Reaction from Republicans and conservatives has been swift and forceful in the wake of Friday’s decision.

“Today a majority of the Wisconsin Supreme Court had the courage to admit what some of its members refused to do when it mattered in the 2020 presidential election: Thousands of Biden’s votes in that state were illegal,” said Ambassador Ken Blackwell, a longtime Republican strategist and chairman of the Center for Election Integrity at the America First Policy Institute (AFPI).

“The 2020 election is over, Biden is president, and Trump would have had to win court cases in more than one state to change that outcome,” Blackwell noted. “But today’s decision shows that far from a ‘Big Lie,’ there were indeed widespread violations of state election law in Wisconsin, and possibly other swing states as well.”

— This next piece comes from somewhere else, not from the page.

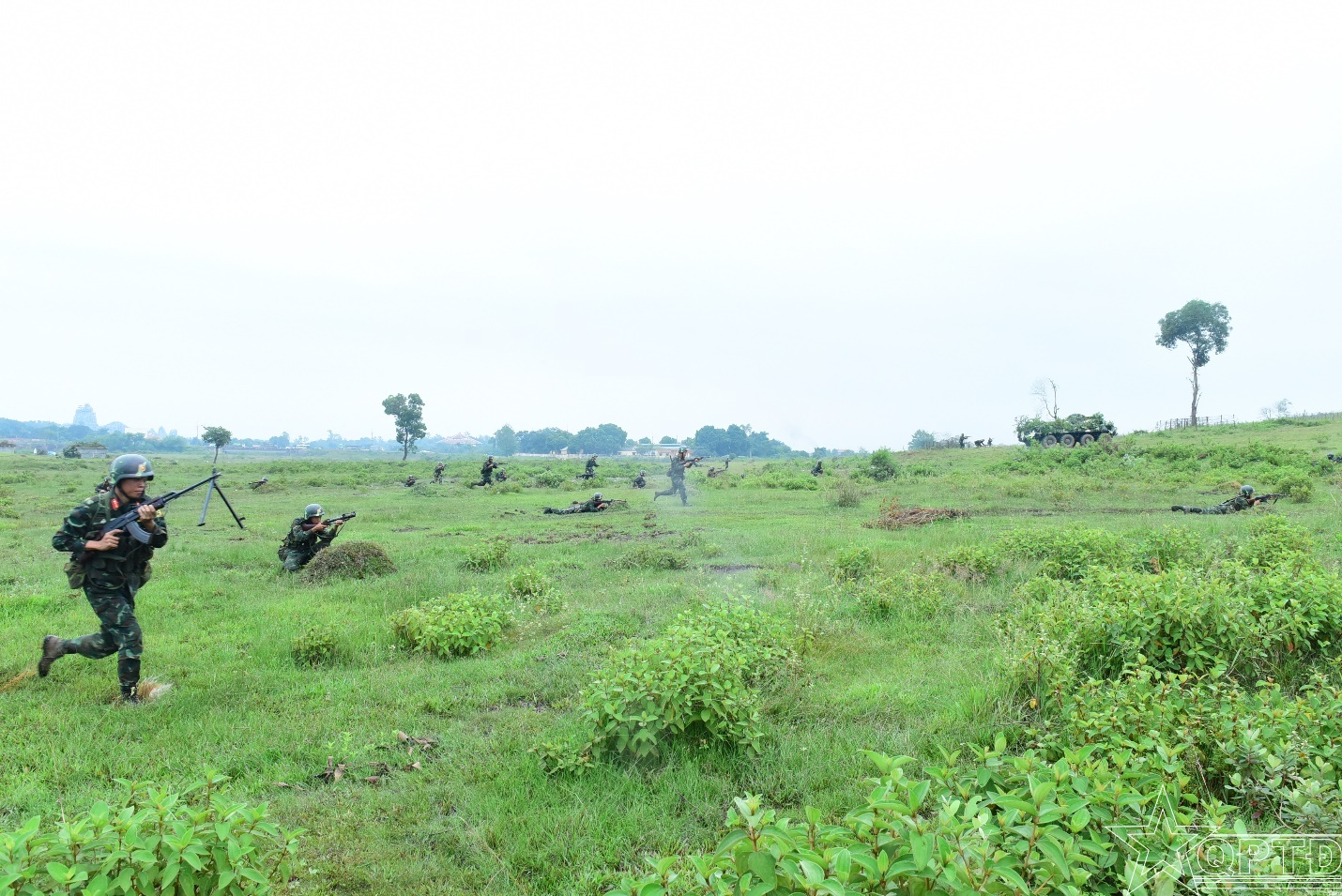 Bộ binh và xe Thiết giáp đồng loạt xung phong, tiến công tiêu diệt địch.

“Hopefully Americans will now see that Democrats’ wide-eyed accusations that questioning the results of the 2020 election as illegitimate is nothing but an attempt to smear the opposition party,” Blackwell continued. “Members of Congress who wanted to raise these election integrity points in a lawful manner thus had important and meritorious points to make.”

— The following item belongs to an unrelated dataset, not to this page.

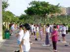 La statue de lion avec une queue de poisson sur les rives de Singapour est une célèbre attraction touristique. Des centaines de touristes viennent chaque jour de différents pays du monde pour la voir. Parmi eux il y a beaucoup de chinois. A mesure que les pratiquants de Dafa sont plus clairs sur l'importance de la cultivation dans la rectification de la loi et sur la manière de clarifier la vérité exposée dans les leçons de Maître, nous avons changé nos heures de pratique, qui étaient irrégulières et spontanées. Nous avons recommencé à pratiquer les exercices à heures régulières. Tous les jours nous pratiquions les exercices, clarifions la vérité et aidions Maître à sauver les êtres, quelles que soient les conditions climatiques. Les pratiquants de Dafa apportent spontanément des posters en anglais, en chinois et dans beaucoup d'autres langues. Nous avons patiemment informé les touristes que le Falun Dafa est la Loi juste et nous avons lavé les torts causés dans leur esprit par les mensonges. Beaucoup de touristes ont découvert la vérité ici et ont établi une base pour un futur radieux.

“Speaking in my personal capacity: This also shows the importance of election integrity laws, which Wisconsin’s current Democrat Gov. Tony Evers opposes,” Blackwell concluded. “I pray the people of Wisconsin elect a Republican governor and lawmakers this fall who will pass much-needed voting legislation in that key state to safeguard future elections.”

The case is Teigen v. Wisconsin Elections Commission, No. 2022AP91 in the Supreme Court of Wisconsin.